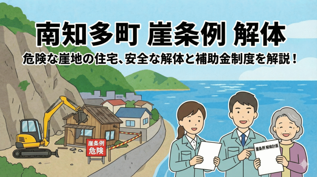 注意:傾斜地・がけ地にある物件でも、補助金の対象条件を満たせば利用できる可能性があります。必ず事前に南知多町役場に相談してください。
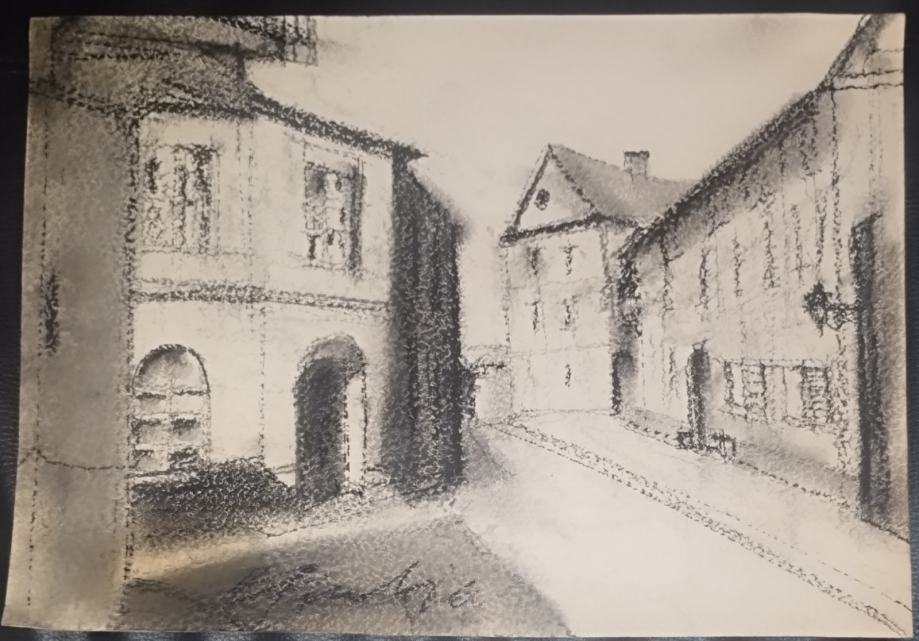Akademski slikar. Motiv - Zagreb. Ugljen, dimenzije 40x29cm
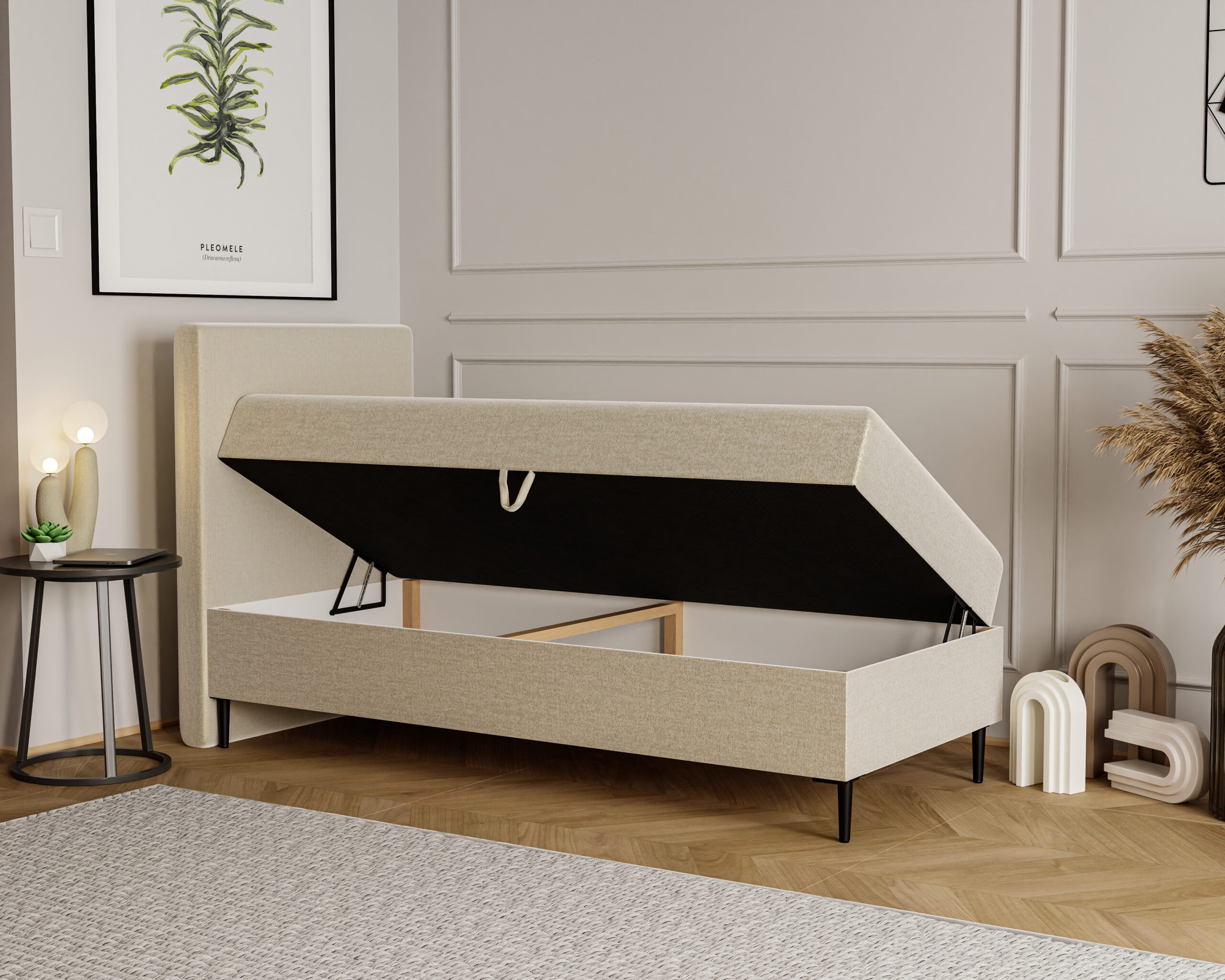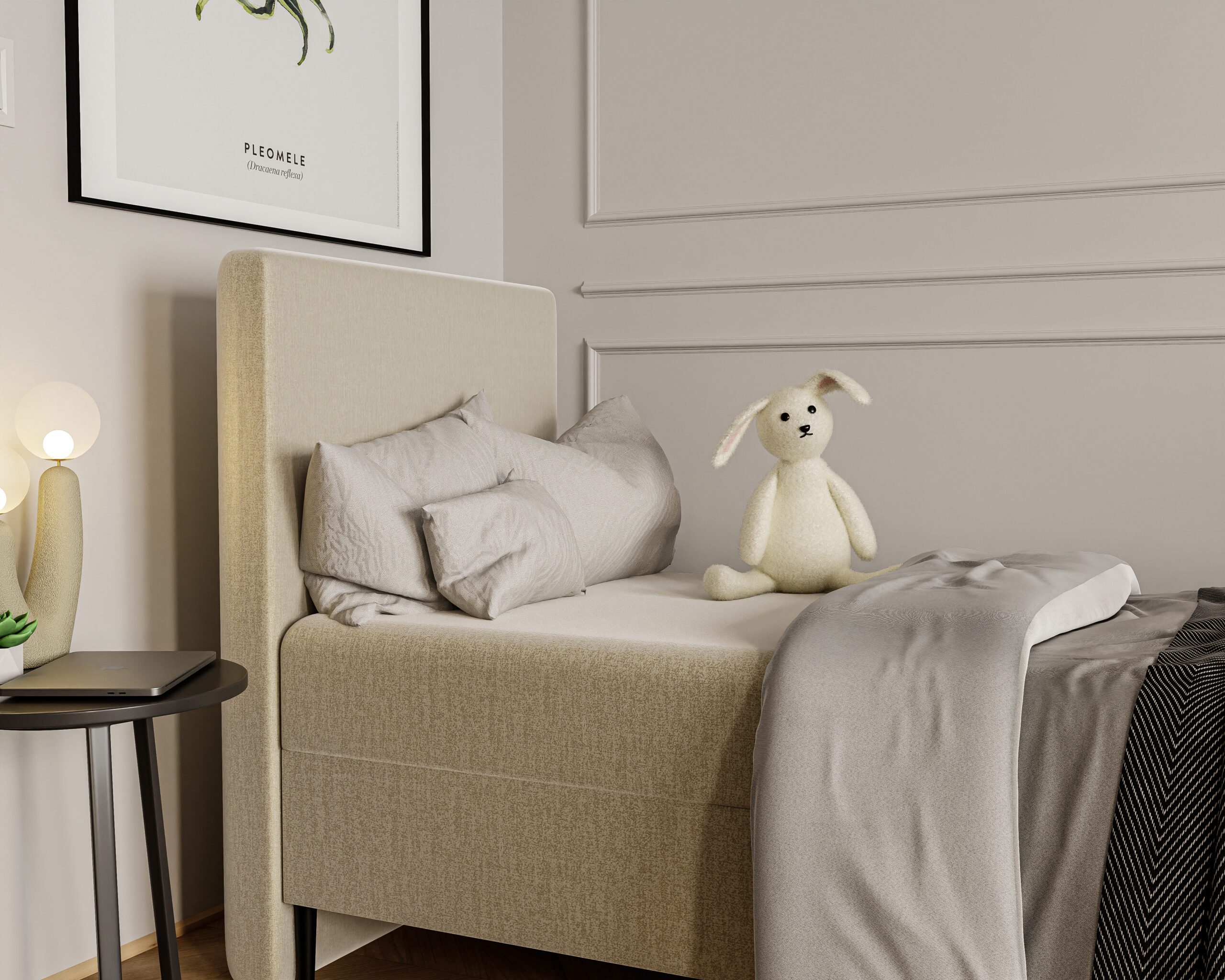 Łóżko wyposażone jest w podnoszony pojemnik na pościel , co sprawia, że organizacja przestrzeni staje się łatwiejsza.

━━━

__EXERCISE AIM__. Write out again every line above exactly as given; the pictures do not belong in the copy.

__THE ANSWER__.
 注意:傾斜地・がけ地にある物件でも、補助金の対象条件を満たせば利用できる可能性があります。必ず事前に南知多町役場に相談してください。
Akademski slikar. Motiv - Zagreb. Ugljen, dimenzije 40x29cm
 Łóżko wyposażone jest w podnoszony pojemnik na pościel , co sprawia, że organizacja przestrzeni staje się łatwiejsza.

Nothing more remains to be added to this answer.